Minimal Linear Regression Graphics
Minimal Visualization of Regression Results¶
Introduction¶
I was working my way through An Introduction to Statistical Learning (https://www.statlearning.com/), and (as usual) the examples in the book were in R
(to be expected from professional statisticians). My response should be "I'll learn R to replicate these!", but it is usually "How would I do this in Python?".

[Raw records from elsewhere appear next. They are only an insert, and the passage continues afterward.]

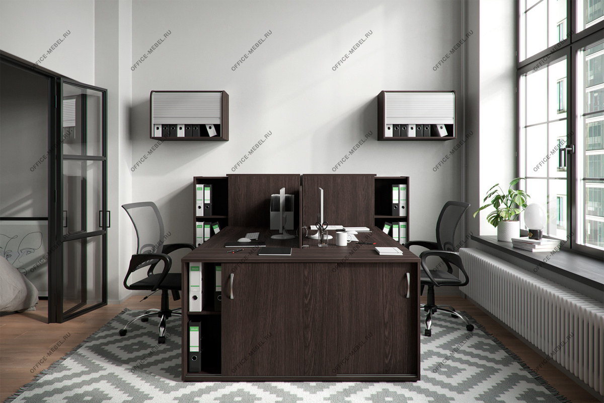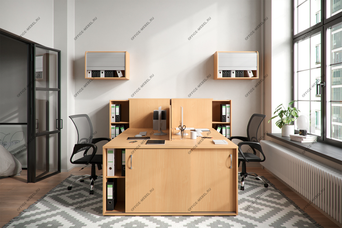 Серия мебели для офиса Партнер примечательна своей универсальностью т.к. может быть использована как для меблировки индивидуальных рабочих мест, так и для групповых рабочих станций. Вся мебель серии доступна в семи цветовых вариациях, что позволяет легко комбинировать ее с различными интерьерами. Мебель для офиса Партнер изготавливается из ДСП с покрытием из меламина. Это крепкий и неприхотливый материал, который не требует тщательного ухода и хорошо переносит интенсивный режим использования.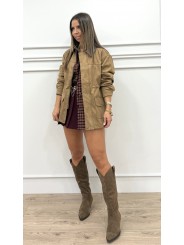 1 more image Chaqueta pelo marrón 49,95 € Marrón S M L Añadir al carrito Parka brillos hombros militar 69,95 € MILITAR TU Añadir al carrito 1 more image Sobrecamisa flecos... 49,95 € Marrón SM ML Añadir al carrito Chaqueta antelina tostada 69,95 € TOSTADO TU Añadir al carrito 143757 Chaqueta de Antelina de cuello solapa en polipiel y manga larga. Bolsillos de solapa en delantero. Cierre frontal con cremallera oculta por solapa. Composición:90%polyester 10%elastano TALLA ÚNICA: Hombro:50cm Sisa:55cm Largo+-68cm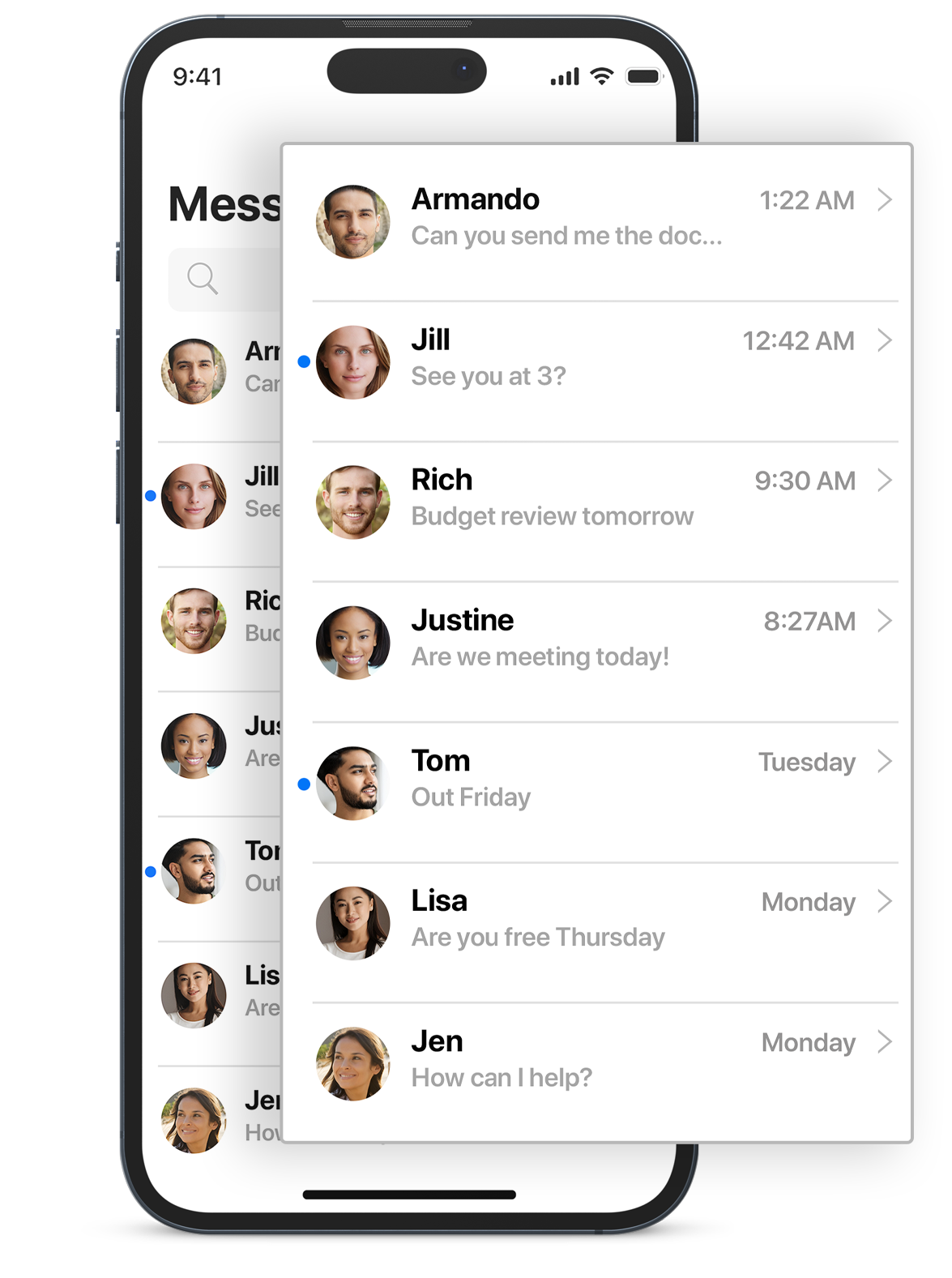 Users can continue using their iPhones as usual to send and receive iMessages, SMS, and WhatsApp Messages with the native applications. No new number or app is required.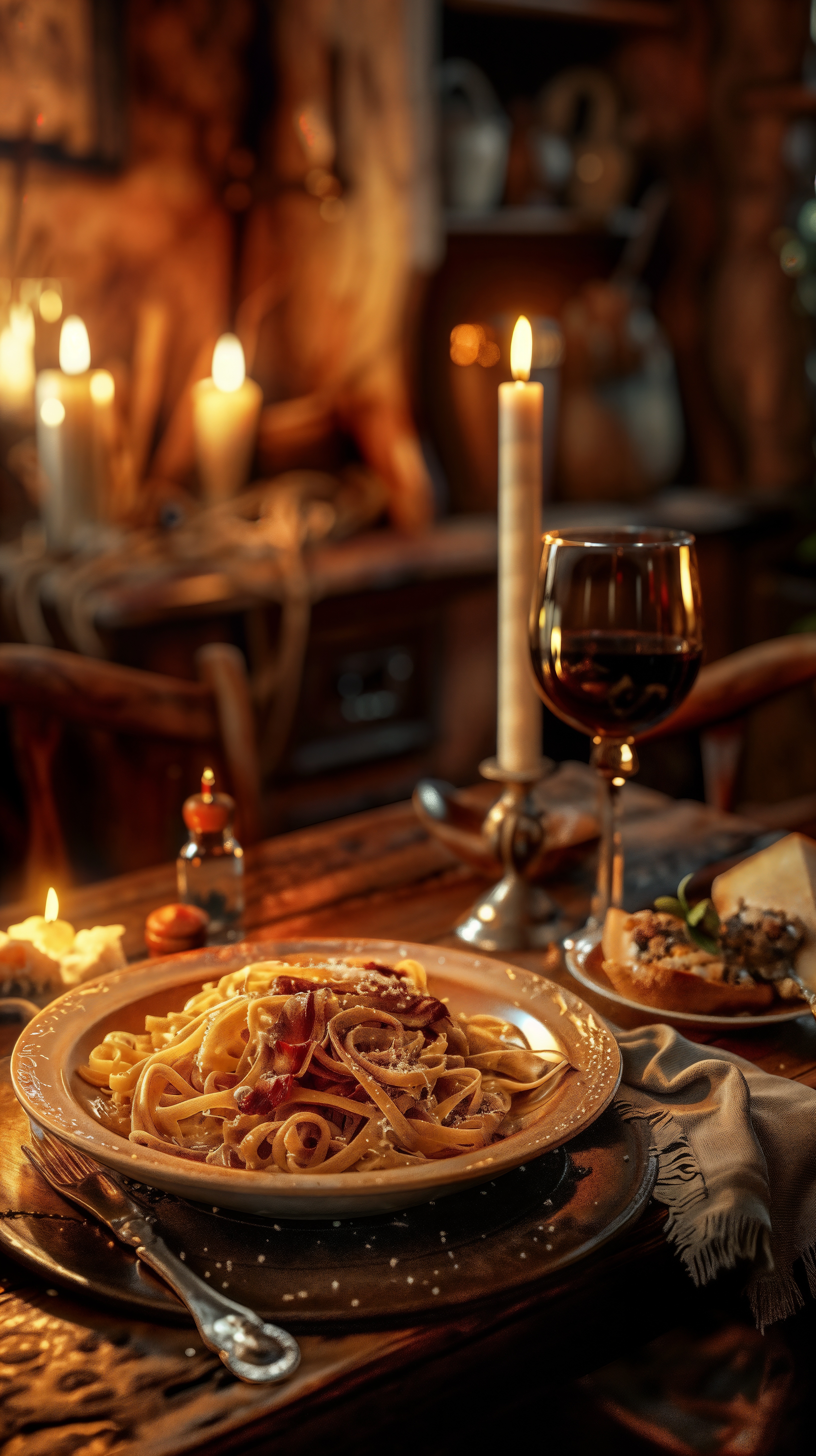 candle-litcozy atmospheredetailed sceneeleganceromancerustic tablesoft lightingspaghetti carbonarawarm toneswine glasses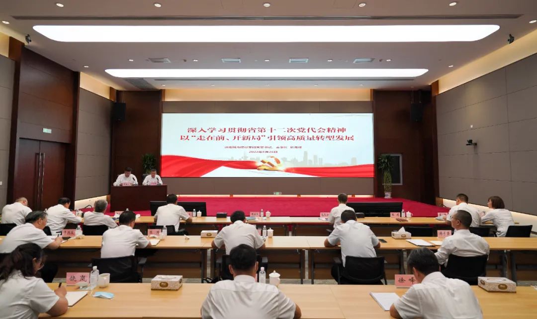 史海成同志首先介绍了山东省第十二次党代会的概况,并从提升政治站位、学思践悟等方面对学习贯彻省第十二次党代会精神提出了具体方法和要求,以新坐标、新使命、新部署、新要求、新境界这“五个新”概括阐释了“走在前、开新局”的精神内涵。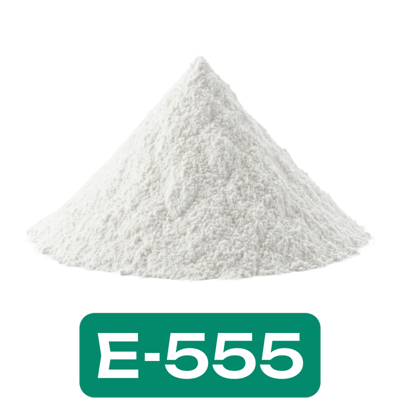 E555 используется в промышленном производстве сухих сыпучих продуктов. Чаще всего её добавляют в сухие смеси для выпечки, порошкообразные специи и приправы, сахарозаменители, сухое молоко, быстрорастворимые напитки и некоторые виды тёртого сыра. В домашних условиях эта добавка не применяется, так как требует точного профессионального дозирования в соответствии с технологическими регламентами. Её задача — обеспечить стабильность продукта при хранении на полке магазина. К другим антислеживающим агентам относится, например, пищевая сода (E500).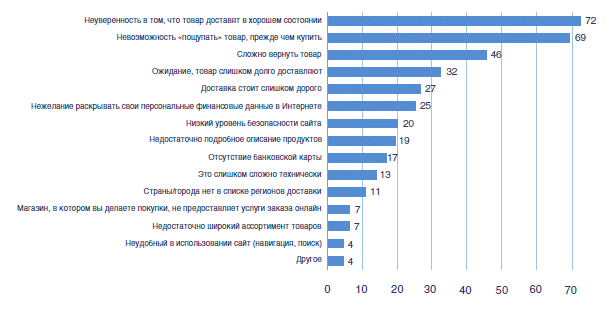 По результатам исследования, основным сдерживающим фактором для российских пользователей является необходимость «увидеть и пощупать товар» перед его приобретением. Почти 60% респондентов не совершают покупки в интернет-магазинах именно по этой причине. Отсутствие внимания к таким проблемам, как завоевание доверия потребителей и усовершенствование логистики, грозят интернет-магазинам безвозвратной потерей покупателей и потенциальных клиентов. Более половины опрошенных указали, что неуверенность в хорошем состоянии товара при доставке, а также проблемы с возвратом являются основными причинами, отталкивающими их от покупок в сети. Беспокойство, связанное с тем, что заказанный товар придется ждать слишком долго, испытывают 36% опрошенных, причем в регионах этот показатель выше среднего на 8–17%. Доля респондентов, считающих стоимость доставки завышенной, составила более 30%.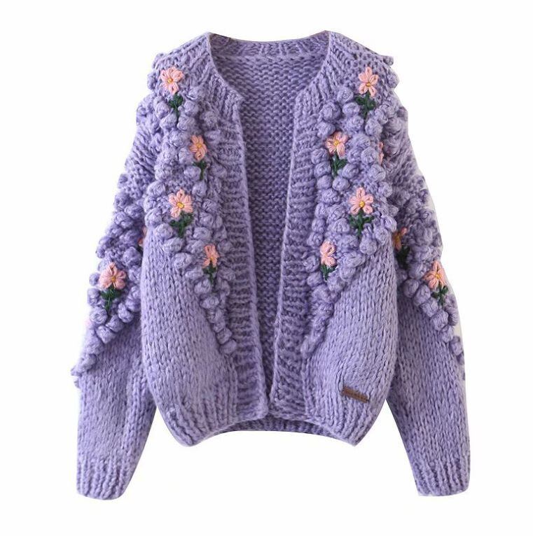 刺繡ニットカーディガン トップス カーディガン 20932 袖あり 長袖 ラウンドネック 刺繍 前開き かわいい 大人可愛い シンプル カジュアル 大人 おしゃれ お洒落 レトロ 大人可愛い 大人女子 こなれ感 ラフ ラブリー キュート ガーリー ルーズ 個性的 主役級 存在感 無地 フラワー ボーダー 秋 冬 10代 20代 30代 レディース 学生 通学 デート お出かけ 女子会 休日 着回し 普段使い 重ね着 韓国 韓国系 色展開 白 ホワイト 紫 パープル 送料無料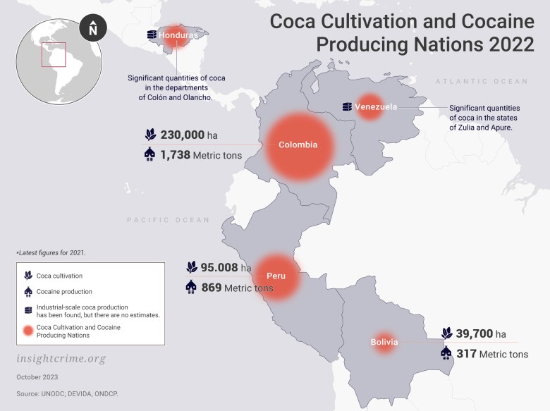 While coca cultivation has grown exponentially in Colombia, Peru and Bolivia have also seen increases. What is worrying in these two nations is how political chaos is pushing counternarcotics strategies further and further down the list of government priorities. In Peru, President Pedro Castillo was removed from office and imprisoned in December 2022, while his deputy and successor, Dina Boluarte, has faced widespread civil unrest. In Bolivia, a civil war within the ruling Movement to Socialism Party (Movimiento al Socialismo – MAS), between current President Luis Arce and former President Evo Morales, has hijacked the political agenda. Bolivia is preparing for general elections for the presidency and Congress in 2024. In Colombia, Petro has seen his approval ratings drop to the lowest point of his tenure. All of this means that there will be diminishing resistance to cocaine trafficking during 2024 in the main production nations, while transnational organized crime sorts out its supply chain issues.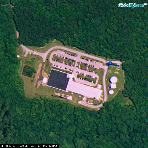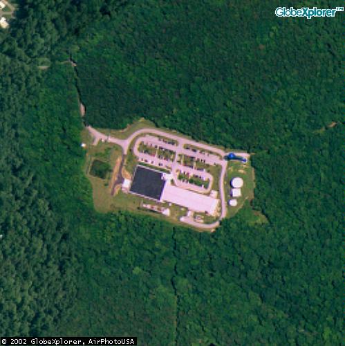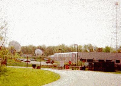 ![]() Beltsville Communications Annex Note triangular antenna below the building (which appears horizontal due to angle of the photo) and the blue bulbular tower at upper right of the clearing -- there appearst to be a similar bulbular tower adjacent to the SCS facility just visible, and foreshortened, at the right treeline. |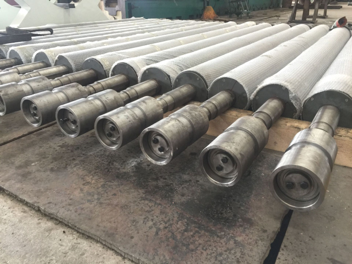真空壓榨輥的結(jié)構(gòu)和真空伏輥類似,但是有幾點(diǎn)不同,真空壓榨輥的真空室寬度要窄一點(diǎn)些,通常為100~;真空壓榨輥輥面小孔的直徑較小,為4.5mm左右。輥面開孔率較低,一般為15%~25%。真空壓榨輥輥筒表面需要包膠,膠層厚度20~。真空輥的殼體

This post is how I replicated some graphics associated with linear regression in Python. The situation is that we have data on sales of some product in various areas, with details of money spent in advertising in three channels (TV, newspapers, and radio). We try to model the effectiveness of the three channels, based upon the sales data, and then visualize the models.
Implementation¶
%matplotlib inline
%load_ext watermark
%load_ext lab_black
# all imports should go here
import pandas as pd
import numpy as np
import statsmodels.api as sm
from statsmodels.formula.api import ols
import statsmodels.graphics.api as smg
# housekeeping imports
import sys
import os
import subprocess
import datetime
import platform
import datetime
# graphic imports
import seaborn as sns
import matplotlib.pyplot as plt
from mpl_toolkits.mplot3d import Axes3D
# path management
from pathlib import Path
data_dir_path = Path('d:/IntroToStatLearning/')
data_path = data_dir_path / 'Advertising.csv'
ads = pd.read_csv(data_path)
ads.head()
Unnamed: 0 | TV | radio | newspaper | sales | |
---|---|---|---|---|---|
0 | 1 | 230.1 | 37.8 | 69.2 | 22.1 |
1 | 2 | 44.5 | 39.3 | 45.1 | 10.4 |
2 | 3 | 17.2 | 45.9 | 69.3 | 9.3 |
3 | 4 | 151.5 | 41.3 | 58.5 | 18.5 |
4 | 5 | 180.8 | 10.8 | 58.4 | 12.9 |
Analysis¶
In the analysis phase. we first try to fit a linear relationship between the individual spend in advertsing channels, and the sales. We start with the TV spend.
TV Alone¶
We peform a Ordinary Least Squares fit of a linear relationship between TV spend, and sales, and print s asummary of the results.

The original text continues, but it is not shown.